Restate the records below word for word, and omit the images they hold.

□ □ □

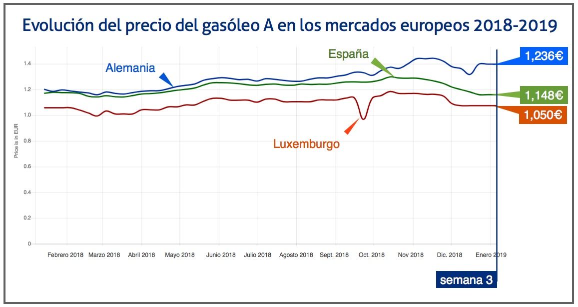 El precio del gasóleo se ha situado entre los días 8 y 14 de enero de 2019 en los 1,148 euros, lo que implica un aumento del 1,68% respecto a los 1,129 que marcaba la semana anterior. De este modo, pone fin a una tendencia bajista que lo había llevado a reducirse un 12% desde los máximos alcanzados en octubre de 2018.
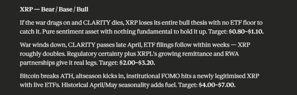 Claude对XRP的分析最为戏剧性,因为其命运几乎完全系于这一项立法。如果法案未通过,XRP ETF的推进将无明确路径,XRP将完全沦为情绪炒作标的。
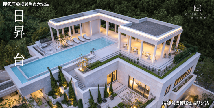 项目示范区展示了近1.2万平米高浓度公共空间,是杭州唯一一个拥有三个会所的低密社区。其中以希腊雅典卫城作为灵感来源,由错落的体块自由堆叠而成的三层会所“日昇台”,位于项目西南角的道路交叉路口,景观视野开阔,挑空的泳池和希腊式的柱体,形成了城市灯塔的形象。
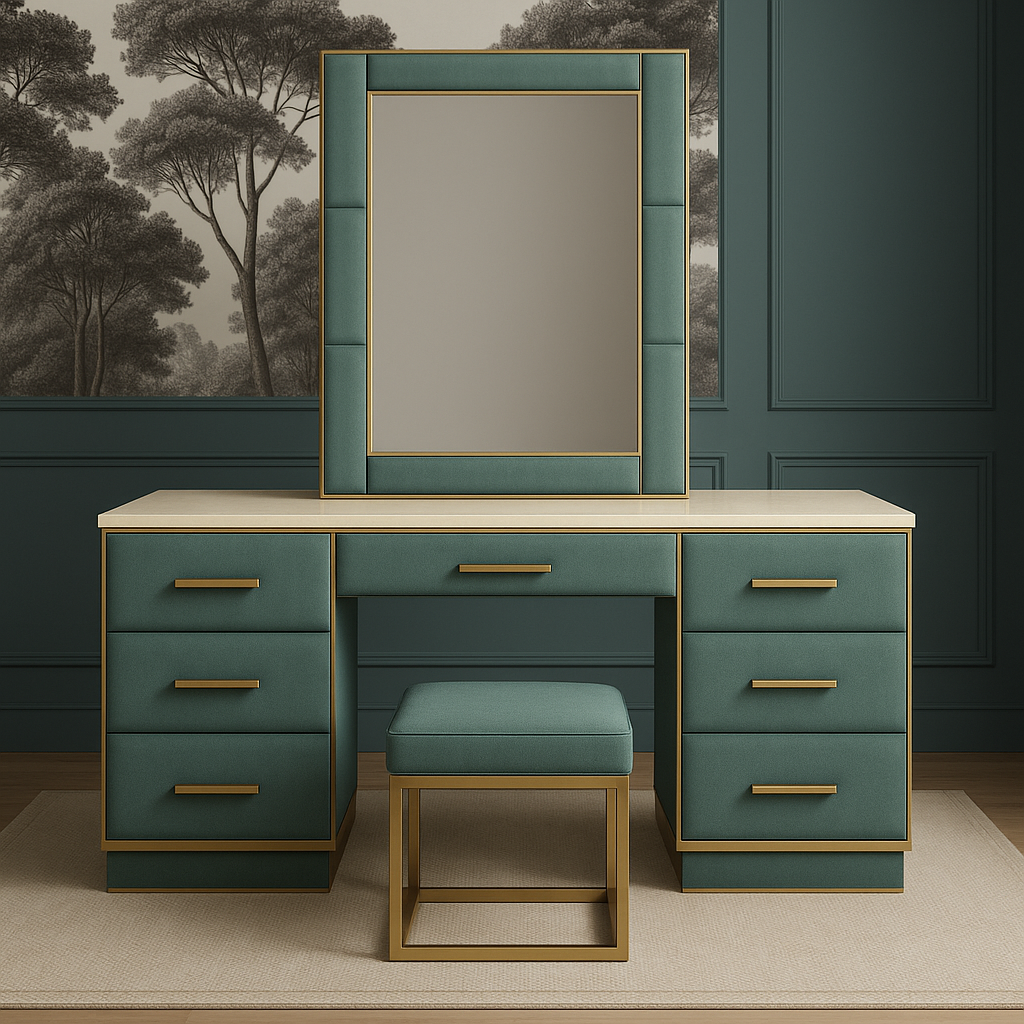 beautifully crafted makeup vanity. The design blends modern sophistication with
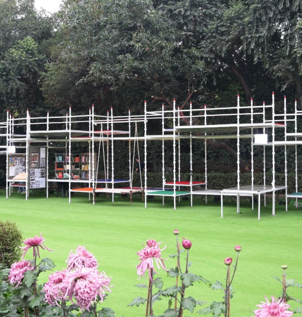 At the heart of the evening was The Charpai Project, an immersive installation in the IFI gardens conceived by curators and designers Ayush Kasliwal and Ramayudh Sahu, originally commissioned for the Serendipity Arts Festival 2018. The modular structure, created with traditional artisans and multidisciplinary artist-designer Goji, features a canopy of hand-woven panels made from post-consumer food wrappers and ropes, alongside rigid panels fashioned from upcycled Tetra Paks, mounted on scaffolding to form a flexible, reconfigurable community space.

□ □ □

**COMPLETED TASK**
 El precio del gasóleo se ha situado entre los días 8 y 14 de enero de 2019 en los 1,148 euros, lo que implica un aumento del 1,68% respecto a los 1,129 que marcaba la semana anterior. De este modo, pone fin a una tendencia bajista que lo había llevado a reducirse un 12% desde los máximos alcanzados en octubre de 2018.
 Claude对XRP的分析最为戏剧性,因为其命运几乎完全系于这一项立法。如果法案未通过,XRP ETF的推进将无明确路径,XRP将完全沦为情绪炒作标的。
 项目示范区展示了近1.2万平米高浓度公共空间,是杭州唯一一个拥有三个会所的低密社区。其中以希腊雅典卫城作为灵感来源,由错落的体块自由堆叠而成的三层会所“日昇台”,位于项目西南角的道路交叉路口,景观视野开阔,挑空的泳池和希腊式的柱体,形成了城市灯塔的形象。
 beautifully crafted makeup vanity. The design blends modern sophistication with
 At the heart of the evening was The Charpai Project, an immersive installation in the IFI gardens conceived by curators and designers Ayush Kasliwal and Ramayudh Sahu, originally commissioned for the Serendipity Arts Festival 2018. The modular structure, created with traditional artisans and multidisciplinary artist-designer Goji, features a canopy of hand-woven panels made from post-consumer food wrappers and ropes, alongside rigid panels fashioned from upcycled Tetra Paks, mounted on scaffolding to form a flexible, reconfigurable community space.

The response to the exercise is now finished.